---------- DATASET SECTION

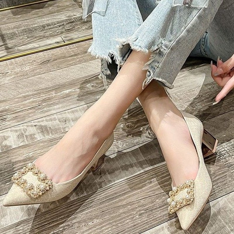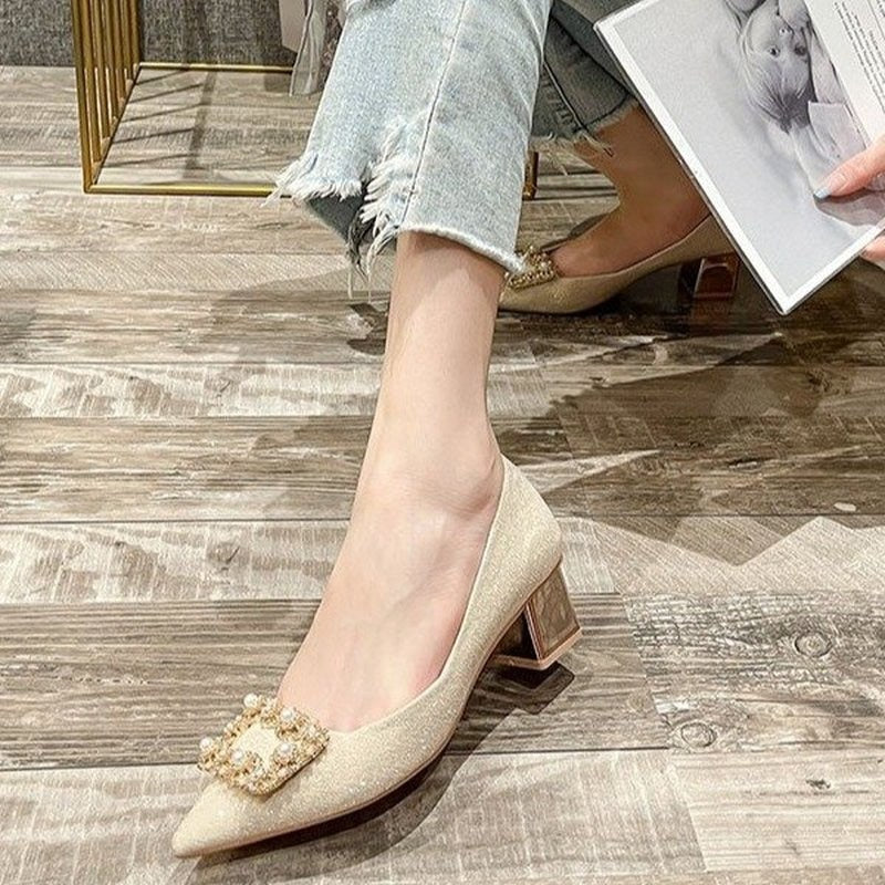 Pumps New Pearl Diamond Buckle Pointed Toe Fashion High Heels Summer Designer Shoes Wedding Party Luxury Brand Woman Shoe
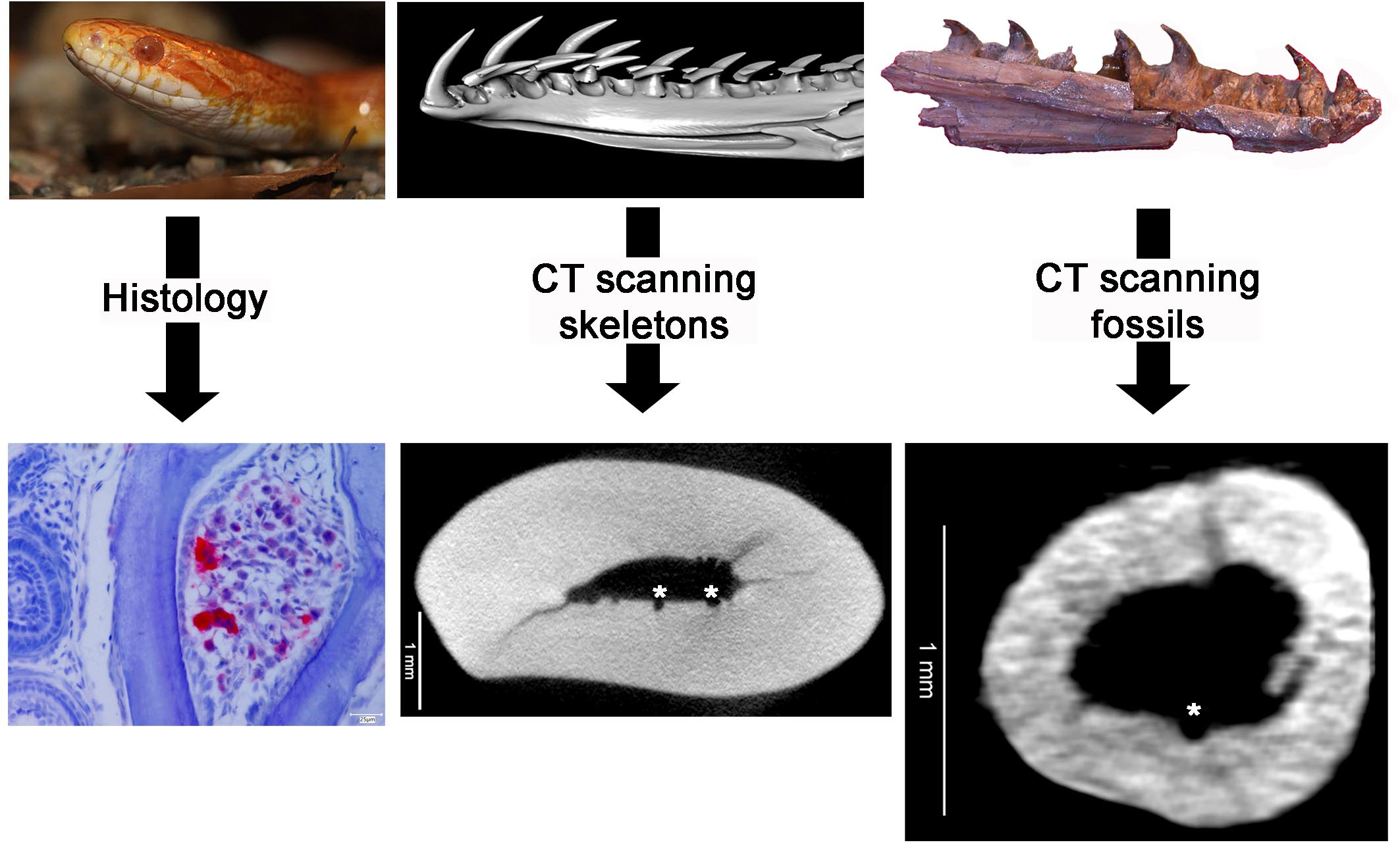A cells-to-fossils approach to studying snake tooth replacement. We used special histological staining to see the cells that resorb corn snake teeth from the inside (left), to help us identify the signs of tooth replacement we should see in scans of modern snakes, like this python (middle images), and one of the world’s oldest snake fossils, Portugalophis (right images), which is only known from a few bones. Credit for corn snake image: commons.wikimedia.org/wiki/User:Danny_S./_Herpetofauna
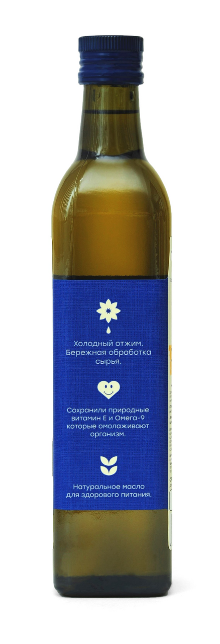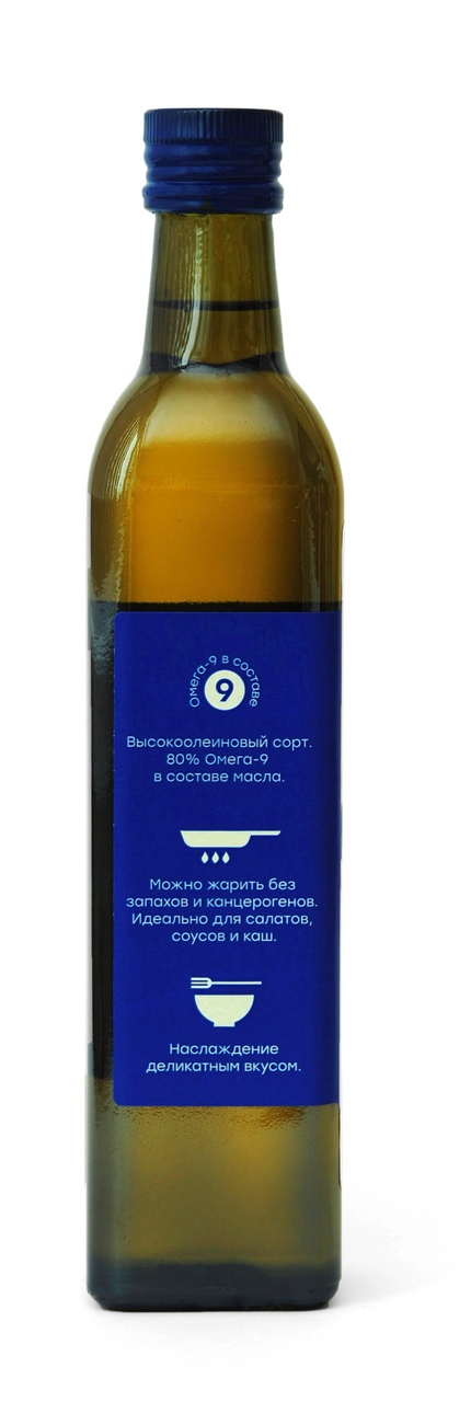 Масло подсолнечное высокоолиеновое холодного отжима, добывается путём холодного прессования из семян элитных сортов подсолнечника эталонного качества. Масло содержит более 80% Олеиновой кислоты и Витамин Е в легкоусовяемой форме. Масло имеет лёгкий запах нежаренных семян подсолнечника и слегка уловимый ореховый привкус. Используется для приготовления горячих блюд на огне и жарке, салатов, каш, консерваций и соусов.

--------------------

WORK TO BE COMPLETED → Word for word, restate all of the data, but do not copy the pictures.

EXERCISE OUTPUT →
 Pumps New Pearl Diamond Buckle Pointed Toe Fashion High Heels Summer Designer Shoes Wedding Party Luxury Brand Woman Shoe
A cells-to-fossils approach to studying snake tooth replacement. We used special histological staining to see the cells that resorb corn snake teeth from the inside (left), to help us identify the signs of tooth replacement we should see in scans of modern snakes, like this python (middle images), and one of the world’s oldest snake fossils, Portugalophis (right images), which is only known from a few bones. Credit for corn snake image: commons.wikimedia.org/wiki/User:Danny_S./_Herpetofauna
 Масло подсолнечное высокоолиеновое холодного отжима, добывается путём холодного прессования из семян элитных сортов подсолнечника эталонного качества. Масло содержит более 80% Олеиновой кислоты и Витамин Е в легкоусовяемой форме. Масло имеет лёгкий запах нежаренных семян подсолнечника и слегка уловимый ореховый привкус. Используется для приготовления горячих блюд на огне и жарке, салатов, каш, консерваций и соусов.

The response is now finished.